WHAT NEEDS TO BE DONE >> In your copy of the records, include every word exactly and no pictures.

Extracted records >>
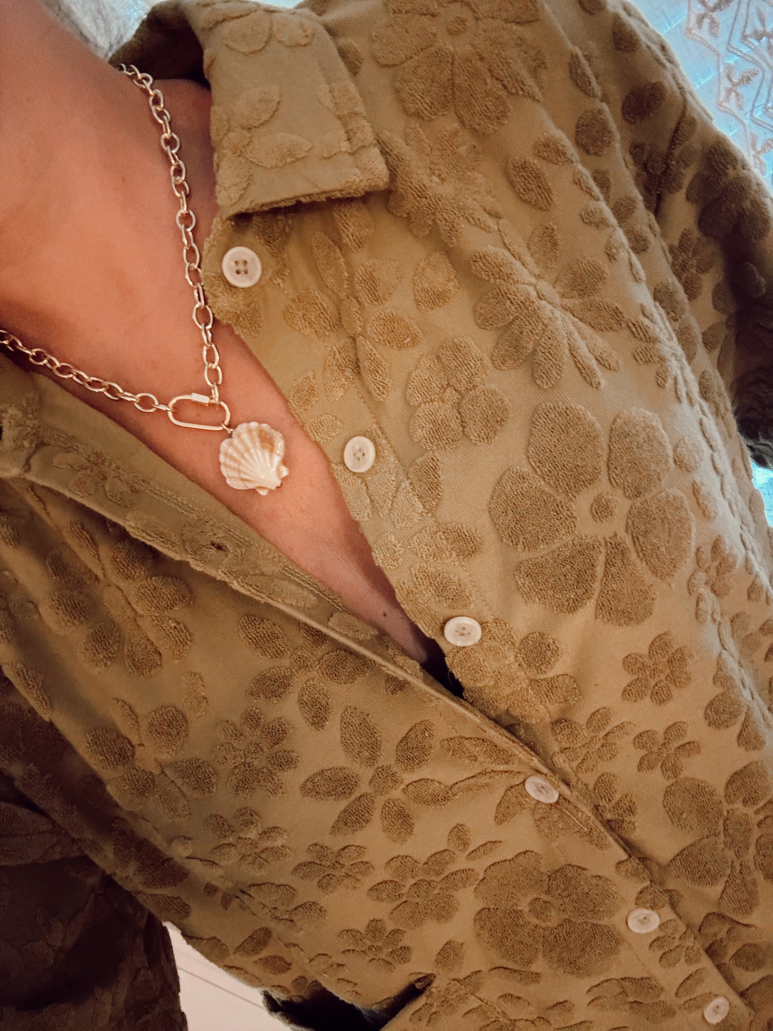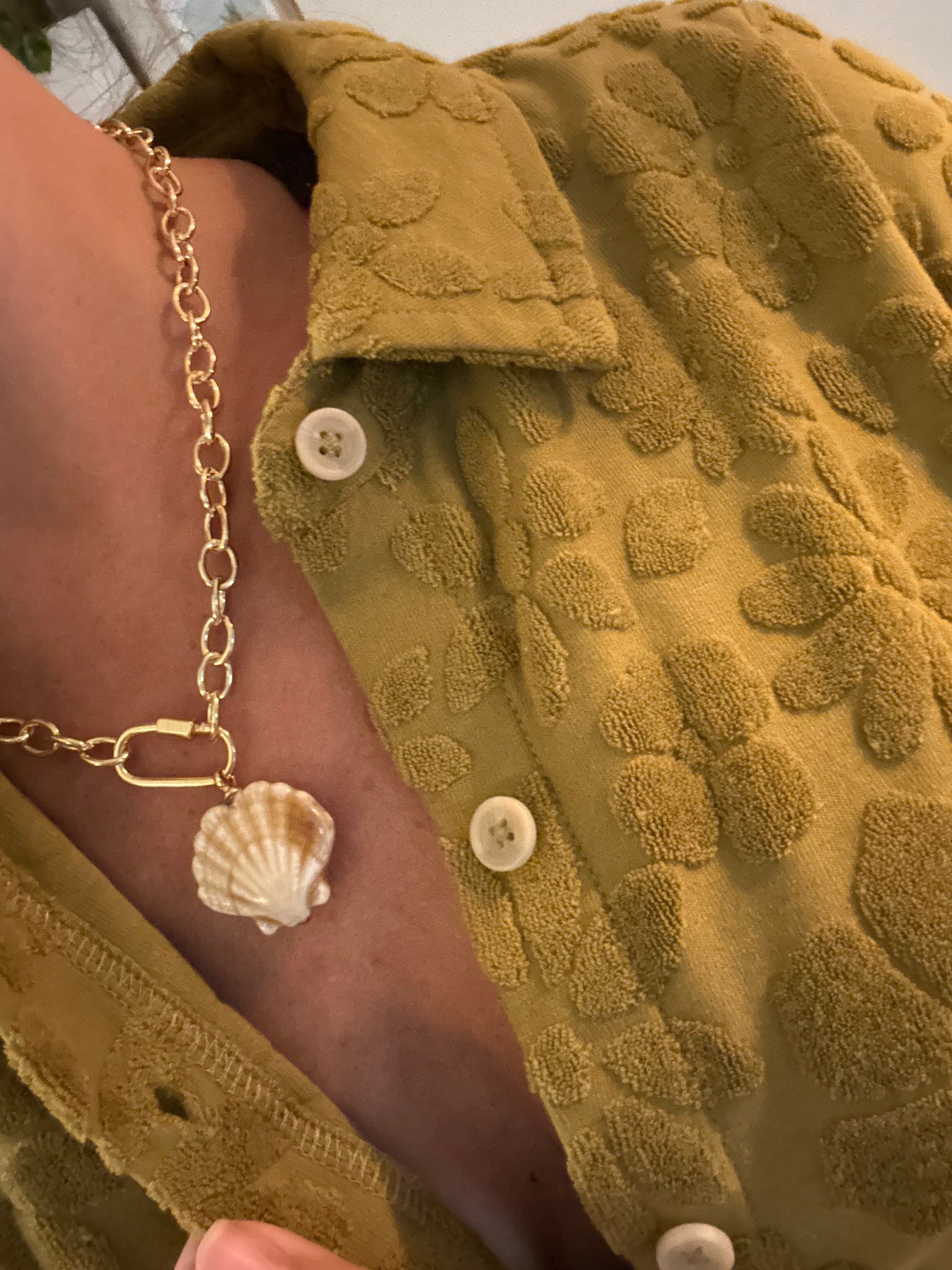 chunky 18 inch gold filled chain with a carabiner and ceramic shell pendant! we LOVE this statement necklace
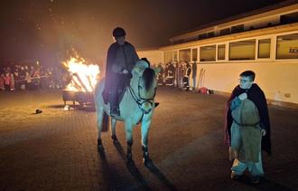 Ein Laternenmeer folgte dem Pferd mit dem hl. Martinus, dargestellt von Lisa Schmitt, und dem Bettler, gespielt von Paul Borst zum Platz vor dem HdV. Musikalisch wurde der lange Umzug von den Westpfälzer Musikanten, die bekannte Martinslieder spielten, umrahmt. Die Feuerwehr entzündete ein Riesenfeuer und Sabine Borst verlas die Martinsgeschichte, wobei St. Martin im Schein des Feuers seine Mantelhälfte dem Bettler übergab. Dann konnten sich die vielen Teilnehmer bei Glühwein, Punsch, Waffeln und Würstchen stärken. Die Feuerwehr verteilte noch an jedes Laternenkind eine Brezel. Alle waren sich einig, dass diese Martinsfeier gelungen war und das dörfliche Gemeinschaftsgefühl stärkte. (ge)
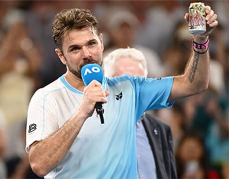 最後の全豪オープンを終えたワウリンカは、試合後のオンコートインタビューでビールを取り出し、トーナメントディレクターのクレイグ・タイリー氏と、観客と乾杯。コートでビールを飲み大会に別れを告げた。
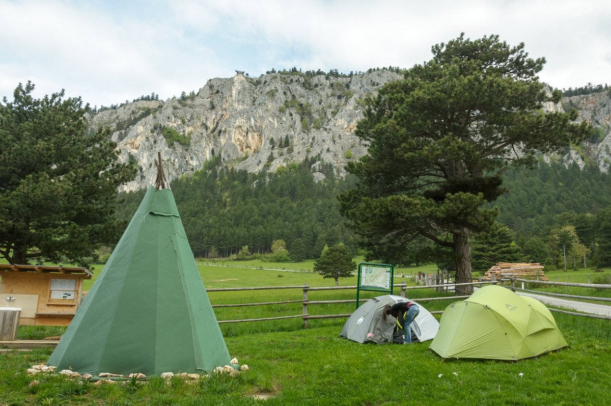 2 Přímo pod skalním bradlem je malinký, ale velmi příjemný kemp se vším co člověk potřebuje. V teepeečku je kupříkladu sprcha s teplou vodou:)
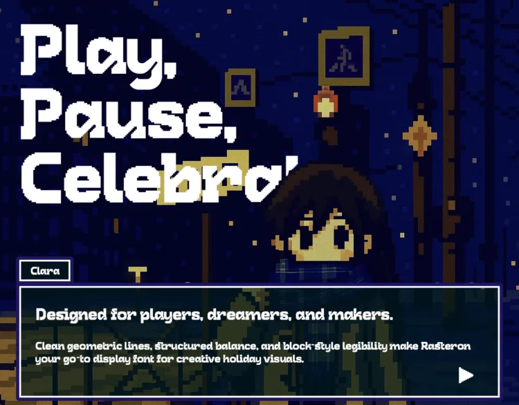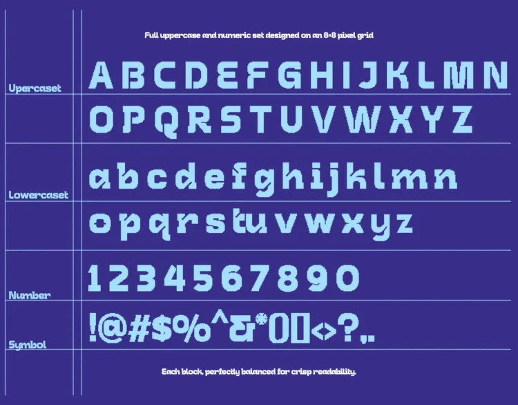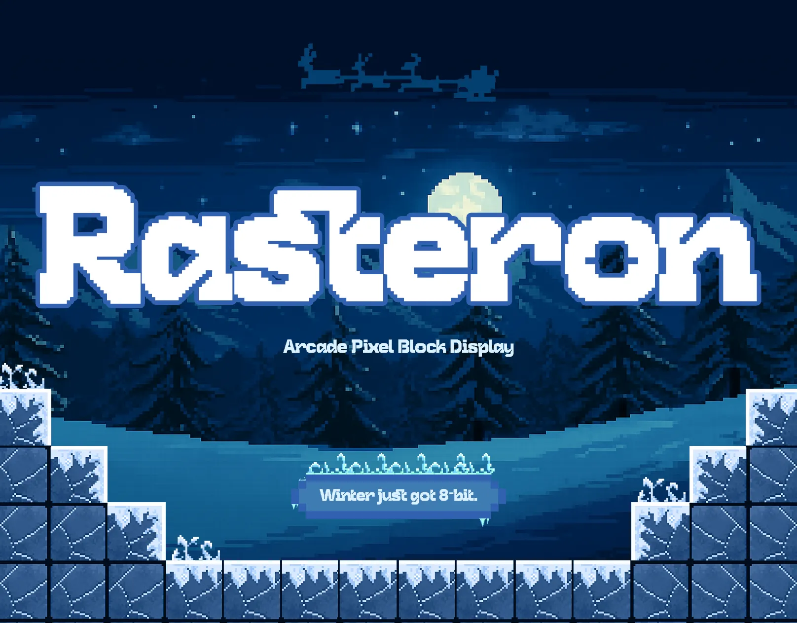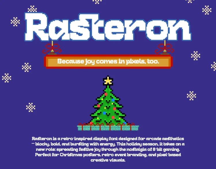 Rasteron is a retro arcade-inspired pixel display font that brings festive energy to your creative projects. Crafted on an 8×8 grid, its bold blocky style offers nostalgic charm with modern legibility. Perfect for pixel art, video game graphics, posters, Christmas packaging, and retro branding. Rasteron turns celebration into 8-bit style with clean geometry and joyful energy. Let your winter designs level up with pixel-perfect vibes.

TASK RESPONSE >>
 chunky 18 inch gold filled chain with a carabiner and ceramic shell pendant! we LOVE this statement necklace
 Ein Laternenmeer folgte dem Pferd mit dem hl. Martinus, dargestellt von Lisa Schmitt, und dem Bettler, gespielt von Paul Borst zum Platz vor dem HdV. Musikalisch wurde der lange Umzug von den Westpfälzer Musikanten, die bekannte Martinslieder spielten, umrahmt. Die Feuerwehr entzündete ein Riesenfeuer und Sabine Borst verlas die Martinsgeschichte, wobei St. Martin im Schein des Feuers seine Mantelhälfte dem Bettler übergab. Dann konnten sich die vielen Teilnehmer bei Glühwein, Punsch, Waffeln und Würstchen stärken. Die Feuerwehr verteilte noch an jedes Laternenkind eine Brezel. Alle waren sich einig, dass diese Martinsfeier gelungen war und das dörfliche Gemeinschaftsgefühl stärkte. (ge)
 最後の全豪オープンを終えたワウリンカは、試合後のオンコートインタビューでビールを取り出し、トーナメントディレクターのクレイグ・タイリー氏と、観客と乾杯。コートでビールを飲み大会に別れを告げた。
 2 Přímo pod skalním bradlem je malinký, ale velmi příjemný kemp se vším co člověk potřebuje. V teepeečku je kupříkladu sprcha s teplou vodou:)
 Rasteron is a retro arcade-inspired pixel display font that brings festive energy to your creative projects. Crafted on an 8×8 grid, its bold blocky style offers nostalgic charm with modern legibility. Perfect for pixel art, video game graphics, posters, Christmas packaging, and retro branding. Rasteron turns celebration into 8-bit style with clean geometry and joyful energy. Let your winter designs level up with pixel-perfect vibes.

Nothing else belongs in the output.